Collection entries:
• • • •

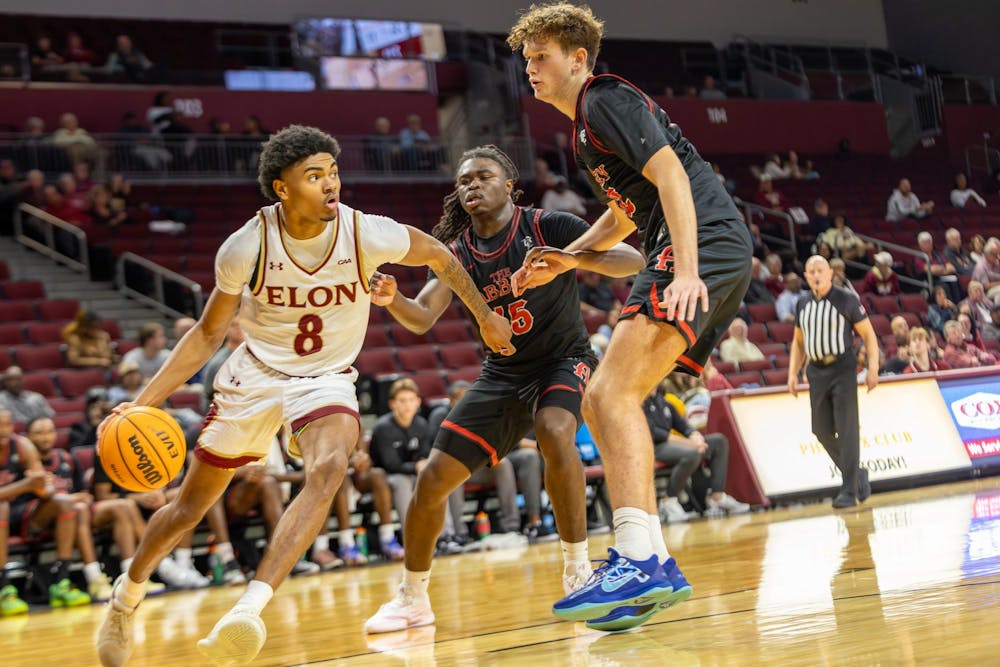 Freshman DeMarco Johnson dribbles the ball during a game against Belmont Abbey on Nov. 5.
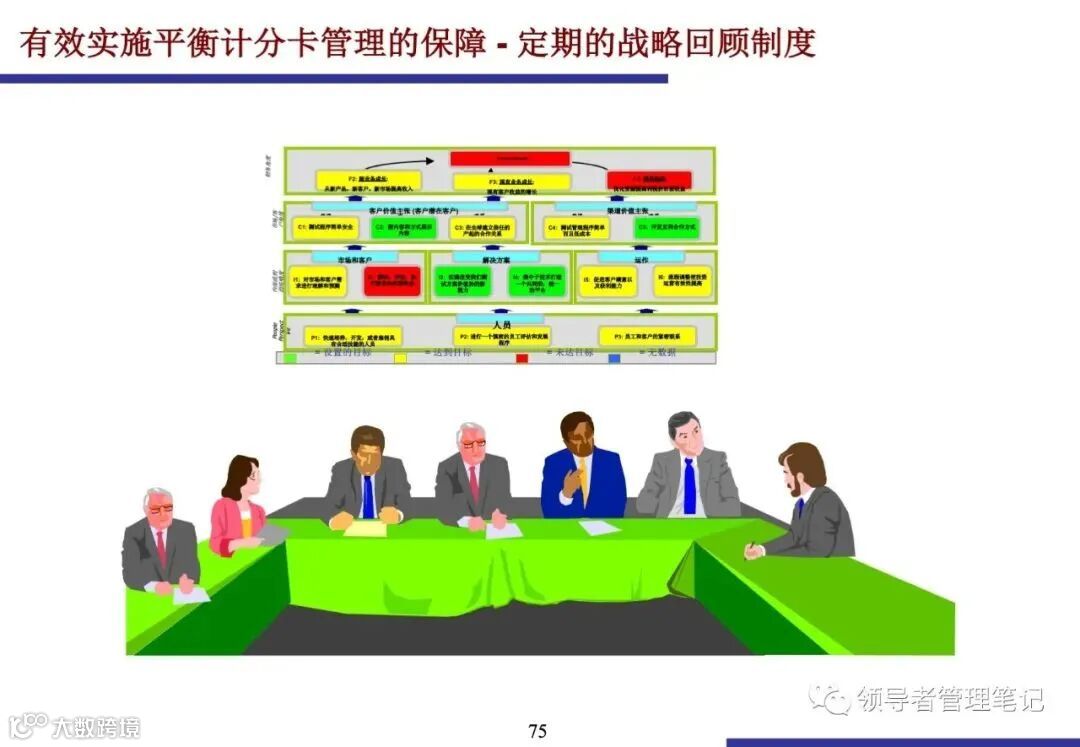 定期的战略回顾会议是BSC体系有效性的关键.通过对各维度指标状态和战略行动方案进展的分析,及时发现战略执行中的问题,并进行讨论和调整.文档中展示了战略回顾报告的范例,通过颜色标识清晰地呈现了目标的达成情况,并包含绩效分析和建议的行动计划。
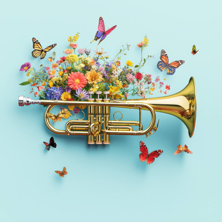 Vibrant trumpet surrounded by colorful flowers and butterflies, showcasing a lively spring atmosphere infused with music and nature
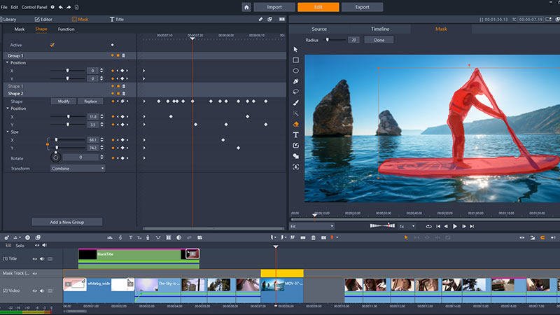 – أداة Mask للفيديو محسّنة لإنشاء أقنعة وتعقبها في مشهدك.
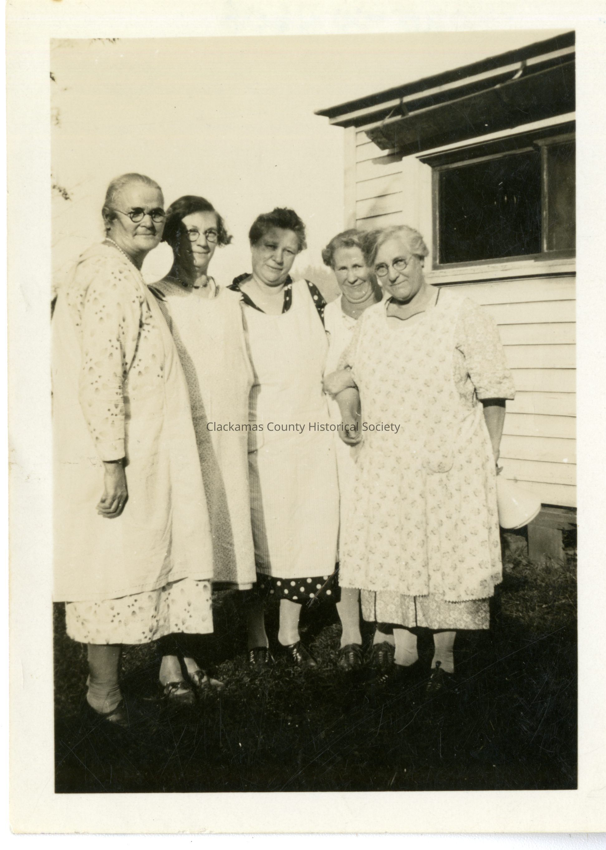 Left to right, Mrs. Griffey, Mrs. Lawrence, Jessie (the cake maker), Mrs. Royer, and Mollie (Mary) Talbert. All Clackamas M.E. Church Ladies Aid women.Other Names and Numbers
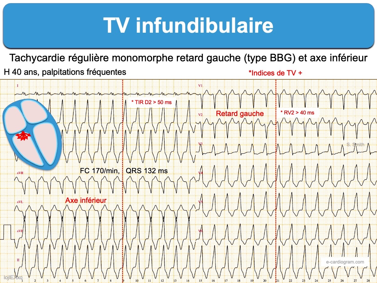 Certaines TV naissent au niveau de l’infundibulum du ventricule gauche ou au niveau des sinus de Valsalva. Elles gardent un axe inférieur ou droit, mais présentent un retard droit ou intermédiaire en V1 et V2 [4].
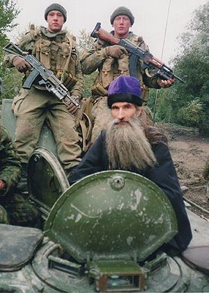 Мне приходилось возить гуманитарную помощь в Чеченскую Республику. Тогда военных мало кто защищал, и их проблемами практически вообще не интересовались. Я с прихожанами начал собирать и отсылать в Чечню все, что мог собрать: носки, одежду, писчую бумагу (около тонны — для писем родным), письменные принадлежности, продукты питания. К нашему начинанию присоединялись верующие и из других регионов. Получилось, что наш храм снова стал воинским.
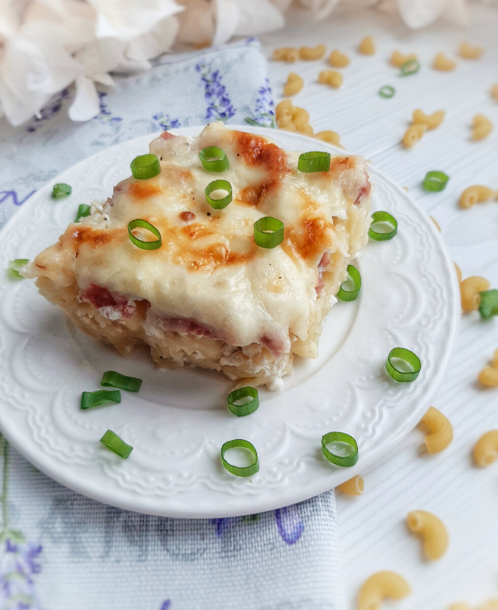 Сливочная запеканка из макарон с ветчиной и сыром.
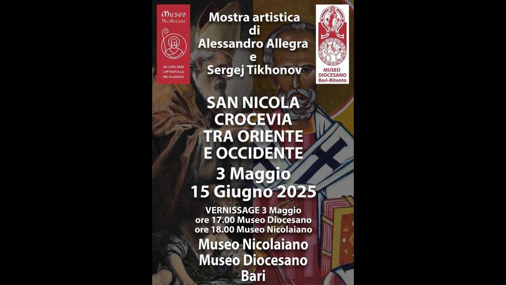 In esposizione quattordici opere, sette per artista, che portano lo sguardo del visitatore ad esplorare il culto cattolico e ortodosso del Santo Patrono di Bari, da sempre simbolo dell’unione dei due mondi. L’evento che si colloca nel mese di maggio dedicato ai festeggiamenti cittadini del Vescovo di Myra, è un omaggio all'universalità del Santo diventato tra i più popolari del cristianesimo e protago.
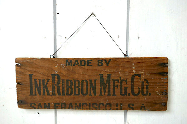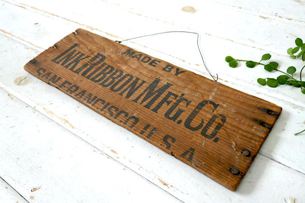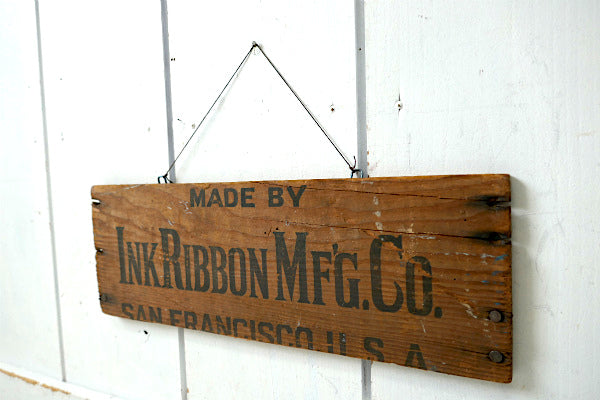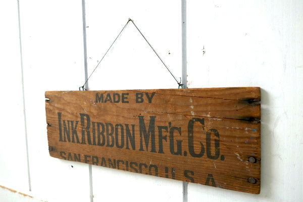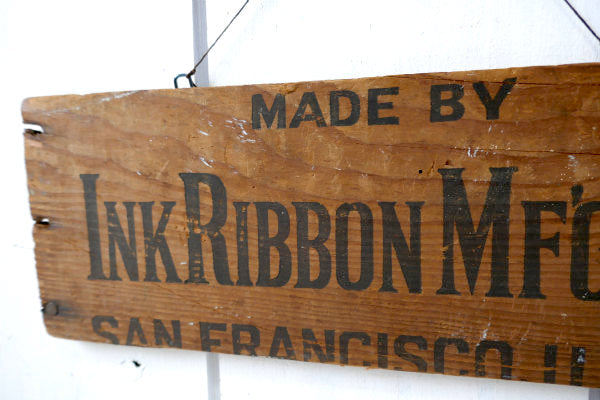 アメリカ西海岸、カリフォルニア、サンフランシスコで見つけました”INK RIBBON MFG CO/SAN FRANCISCO USA”インクリボン・サンフランシスコ・アンティーク・ウッドプレート・木製サイン(看板・壁掛け)です。
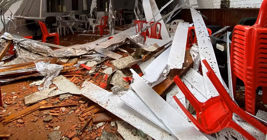 De acordo com o relatório do Corpo de Bombeiros, o acidente foi registrado na avenida Porto Alegre, no Centro de Chapecó. A parte da estrutura era feita de tijolos e caiu em uma edificação térrea, onde estava um grupo de pessoas rezando.
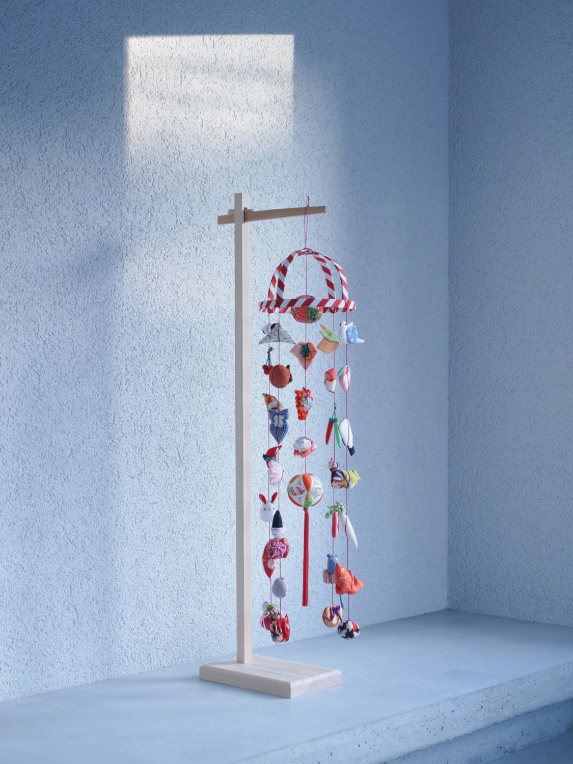 もも屋のつるし飾りは、謂れを大切にモチーフを決め展開しています。大きさや飾りの数、色の配置まで丁寧に設計し、近くで見ても、少し離れて眺めても美しく感じられることを大切にしています。
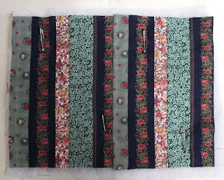 Here are the two finished cosies side by side. Although they are made from the same quilted rectangle, the effect is different because I used them the opposite way round, so each one has a different part showing on top for the flap.
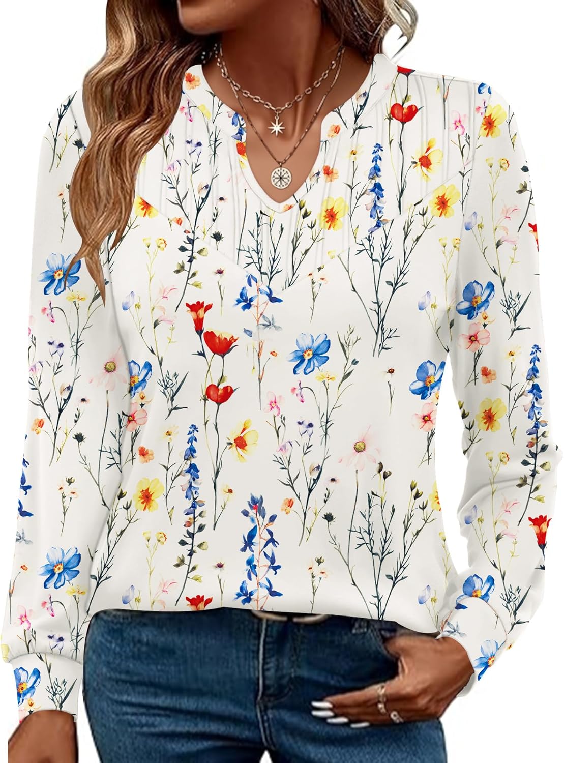 Rapbin Womens Long Sleeve Tops V Neck Dressy Casual T Shirts Trendy Pleated Tunic Shirts Loose Fit Basic Blouses

• • • •

# Exercise objective
Transcribe each record exactly as it appears, but omit every picture.

# Response below
 Freshman DeMarco Johnson dribbles the ball during a game against Belmont Abbey on Nov. 5.
 定期的战略回顾会议是BSC体系有效性的关键.通过对各维度指标状态和战略行动方案进展的分析,及时发现战略执行中的问题,并进行讨论和调整.文档中展示了战略回顾报告的范例,通过颜色标识清晰地呈现了目标的达成情况,并包含绩效分析和建议的行动计划。
 Vibrant trumpet surrounded by colorful flowers and butterflies, showcasing a lively spring atmosphere infused with music and nature
 – أداة Mask للفيديو محسّنة لإنشاء أقنعة وتعقبها في مشهدك.
 Left to right, Mrs. Griffey, Mrs. Lawrence, Jessie (the cake maker), Mrs. Royer, and Mollie (Mary) Talbert. All Clackamas M.E. Church Ladies Aid women.Other Names and Numbers
 Certaines TV naissent au niveau de l’infundibulum du ventricule gauche ou au niveau des sinus de Valsalva. Elles gardent un axe inférieur ou droit, mais présentent un retard droit ou intermédiaire en V1 et V2 [4].
 Мне приходилось возить гуманитарную помощь в Чеченскую Республику. Тогда военных мало кто защищал, и их проблемами практически вообще не интересовались. Я с прихожанами начал собирать и отсылать в Чечню все, что мог собрать: носки, одежду, писчую бумагу (около тонны — для писем родным), письменные принадлежности, продукты питания. К нашему начинанию присоединялись верующие и из других регионов. Получилось, что наш храм снова стал воинским.
 Сливочная запеканка из макарон с ветчиной и сыром.
 In esposizione quattordici opere, sette per artista, che portano lo sguardo del visitatore ad esplorare il culto cattolico e ortodosso del Santo Patrono di Bari, da sempre simbolo dell’unione dei due mondi. L’evento che si colloca nel mese di maggio dedicato ai festeggiamenti cittadini del Vescovo di Myra, è un omaggio all'universalità del Santo diventato tra i più popolari del cristianesimo e protago.
 アメリカ西海岸、カリフォルニア、サンフランシスコで見つけました”INK RIBBON MFG CO/SAN FRANCISCO USA”インクリボン・サンフランシスコ・アンティーク・ウッドプレート・木製サイン(看板・壁掛け)です。
 De acordo com o relatório do Corpo de Bombeiros, o acidente foi registrado na avenida Porto Alegre, no Centro de Chapecó. A parte da estrutura era feita de tijolos e caiu em uma edificação térrea, onde estava um grupo de pessoas rezando.
 もも屋のつるし飾りは、謂れを大切にモチーフを決め展開しています。大きさや飾りの数、色の配置まで丁寧に設計し、近くで見ても、少し離れて眺めても美しく感じられることを大切にしています。
 Here are the two finished cosies side by side. Although they are made from the same quilted rectangle, the effect is different because I used them the opposite way round, so each one has a different part showing on top for the flap.
 Rapbin Womens Long Sleeve Tops V Neck Dressy Casual T Shirts Trendy Pleated Tunic Shirts Loose Fit Basic Blouses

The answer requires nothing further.